First-run sanity check:

claude
> what model am i talking to and what is my plan
> /usage

The /usage command was the merge of the older /cost and /stats commands in v2.1.118. The old names still work as aliases.

Model Selection: Opus 4.7, Sonnet 4.6, Haiku 4.5

Anthropic's current lineup is the Claude 4.x family. Opus 4.6 and Opus 4.5 are reasoning specialists with deep planning capacity. Sonnet 4.6 (and Sonnet 4.5 before it) is the balanced model that most users default to. Haiku 4.5 is the speed-and-cost model for high-volume cheap work. Opus 4.7 with a native 1M-token context window has rolled out for sessions that need to hold entire codebases or hundreds of files at once. As of v2.1.119, Opus 4.7 sessions correctly compute against the model's native 1M context, which fixed inflated /context percentages and premature autocompaction.

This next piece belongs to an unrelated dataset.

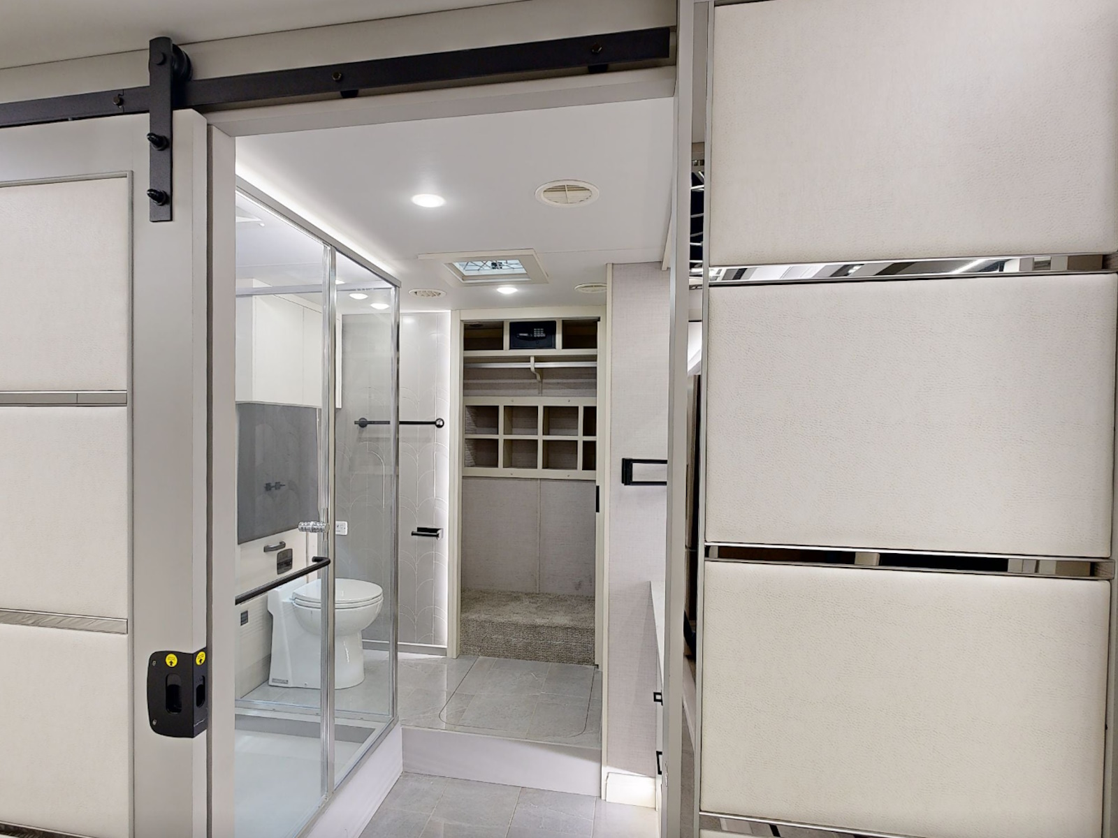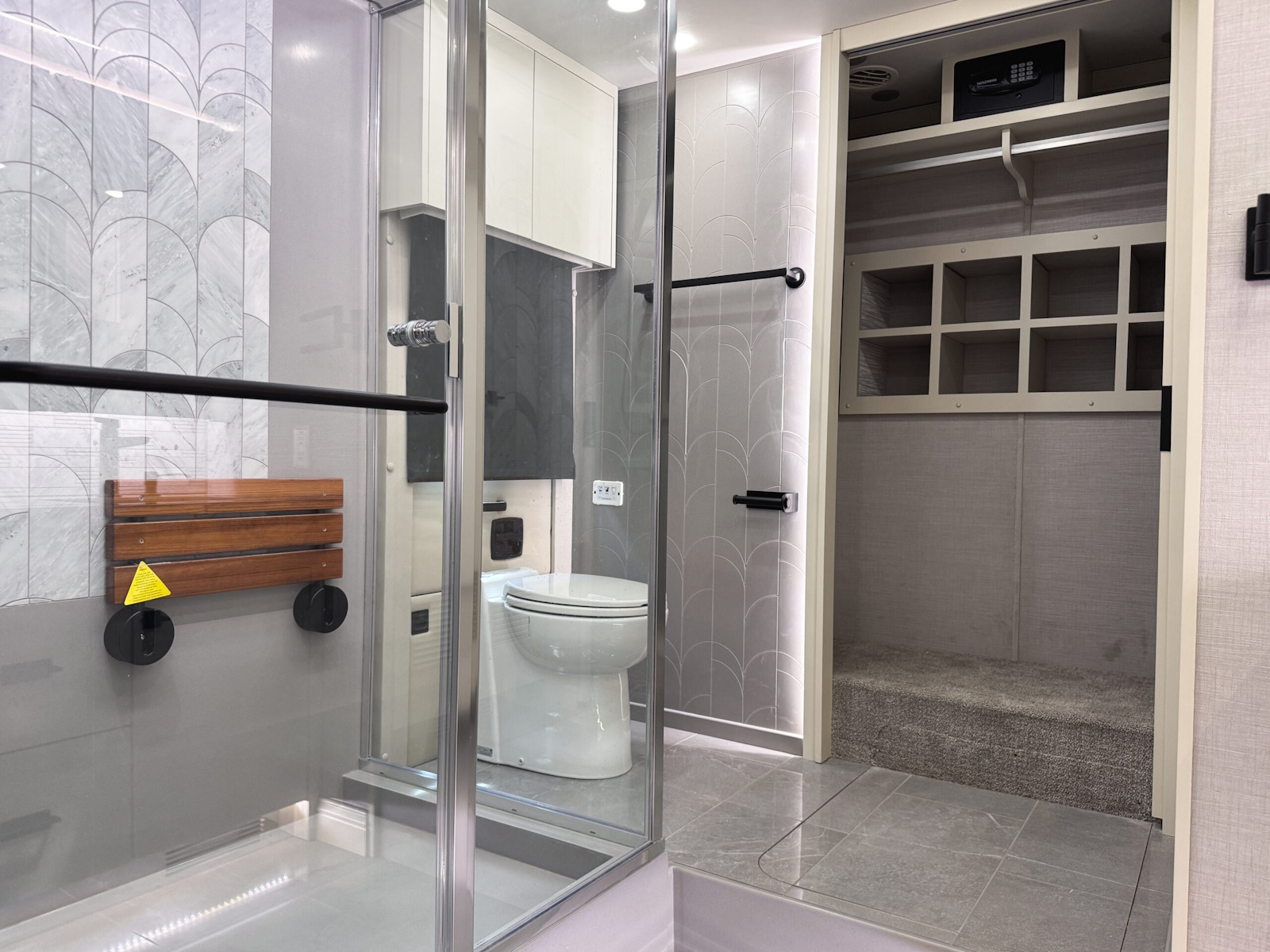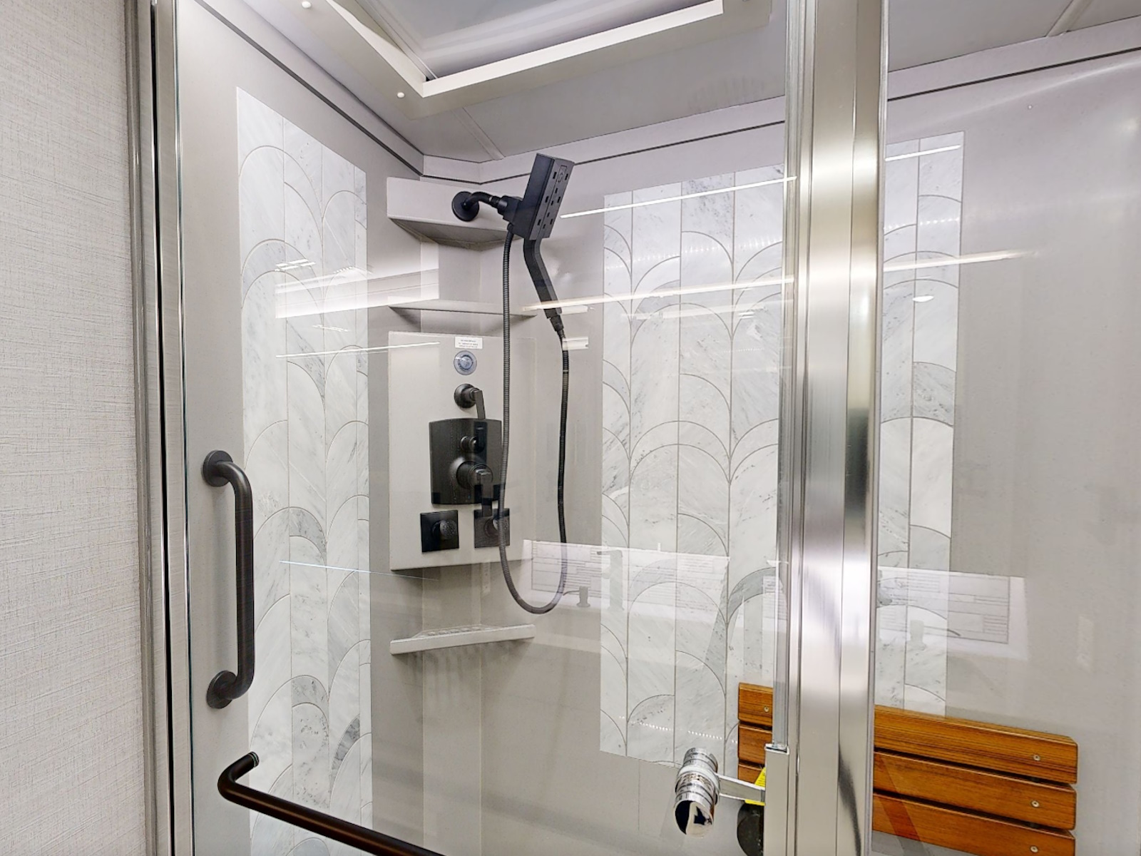 Exterior Rinse Hose with Shower Head | Aqua View Electronic Showermiser™ | Solid Surface Shower Walls with Inlaid Tile and Residential Glass Door (34 in x 52.5 in ) | Teak Folding Shower Seat | Shower Head with Detachable Hand-held Shower Wand | Shower LED Light with Sliding Cover | Shower Skylight

Practical guidance: start a new session on Sonnet 4.6 for normal feature work. Switch to Opus when a task is hard, ambiguous, or genuinely architectural. Drop to Haiku for narrow grunt work like renames or doc passes. The default effort level for Pro and Max subscribers on Opus 4.6 and Sonnet 4.6 is now high, which was raised from medium. You can change effort per session in /model or per project in settings.

Switch model mid-session:

> /model opus-4-7
> /model sonnet-4-6
> /model haiku-4-5

Skills: The Most Important 2026 Feature

Skills are directory-based capability bundles. A skill is a folder with a SKILL.md file that describes what the skill does and when Claude should invoke it, plus optional supporting files, scripts, and references. The CLI auto-discovers skills at two paths:

• Global: ~/.claude/skills/<skill-name>/SKILL.md
• Project: .claude/skills/<skill-name>/SKILL.md

Every skill auto-creates a /skill-name slash command. You also install skills from plugins via /plugin install <name> or add a marketplace with /plugin marketplace add <repo>.

Skills matter because they are how you teach Claude Code domain procedures that survive across sessions and across context resets. We maintain a private skill library at Petronella for things like our deploy gate sequence, our CMMC documentation generation patterns, our blog quality checks, our n8n workflow patch idioms, and a /fresh skill that ends a session by saving memory and pushing to GitHub. The skill is the unit of organizational knowledge that the agent can carry into a new context window.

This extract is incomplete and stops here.